Historic house in Illinois, United States

The John Taylor Snite House is an architecturally-significant house in Highland Park, Illinois, United States. It was built for John Taylor Snite, a prominent businessman and sailor.

==History==
The Snite house was built in Braeside, one of the last areas on the east side of Highland Park, Illinois to be developed. The land had been in the possession of early settlers and wasn't sold for development until the 1920s. Baird & Warner was commissioned to subdivide the property that had belonged to Charles H. Deere (son of John Deere) in 1924. The Deere Park Subdivision was created that year with strict guidelines on what kinds of residences could be built.

John Taylor and Katherine Snite purchased Lot 25 in Deere Park on January 6, 1936. Snite was the son of the founder of the Imperial Credit Corporation of Chicago. Snite would serve as Chief Financial Officer and president of the company. Snite was an avid sailor and wanted a house with a "ship room" to hold his yacht, The Bagheera, and his sailing trophies. The ship, designed by John Alden, sailed in the Bermuda Race and twice won the Chicago Yacht Club Race to Mackinac (1929 and 1932). Snite served as a sailing instructor at nearby Naval Station Great Lakes during World War II.

The house was designed by Jerome Cerny, who designed over 700 houses over his thirty-five year career.
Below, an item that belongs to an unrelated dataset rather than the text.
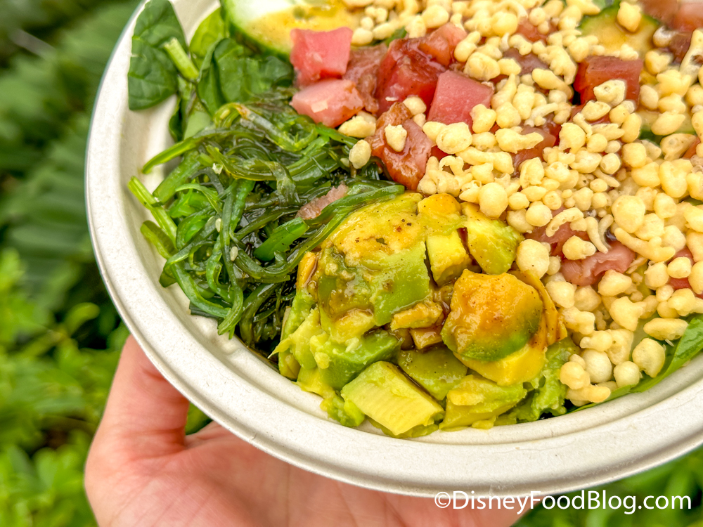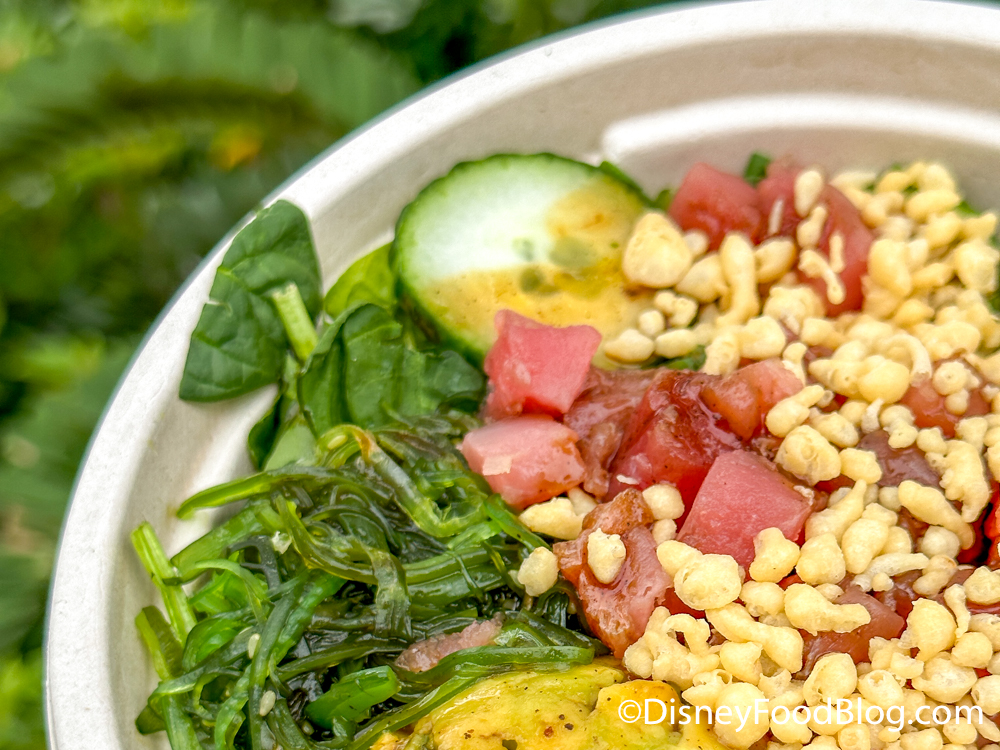 The Ahi Tuna Poke is made with fresh tuna, spinach, carrots, avocado, cucumber, seaweed salad, tempura crunch, and spicy poke sauce and costs $14.

A protégé of David Adler, Cerny specialized in country houses. The Snite house was one of Cerny's first to incorporate modern design aesthetics. The house is predominantly châteauesque but includes some Art Deco and Streamline Moderne elements. The Architectural Record praised the house in 1940 for this transitional character.

Snite sold the house in 1947 and moved to Wilmette and Winnetka, Illinois. They then retired to La Jolla, California in 1972. The Harris family purchased the Deere Park house in 1947. R. Niesen Harris was an executive at a chemical products company and was a prominent socialite, entertaining Doris Day, Cary Grant, Louis Armstrong, and Debbie Reynolds at the house. The Harris family extended the property in 1956 and made some minor additions, including a fallout shelter. The house was recognized by the National Park Service with a listing on the National Register of Historic Places on August 19, 2003. The Bagheera, now in Portland, Maine, was similarly recognized on November 4, 2009.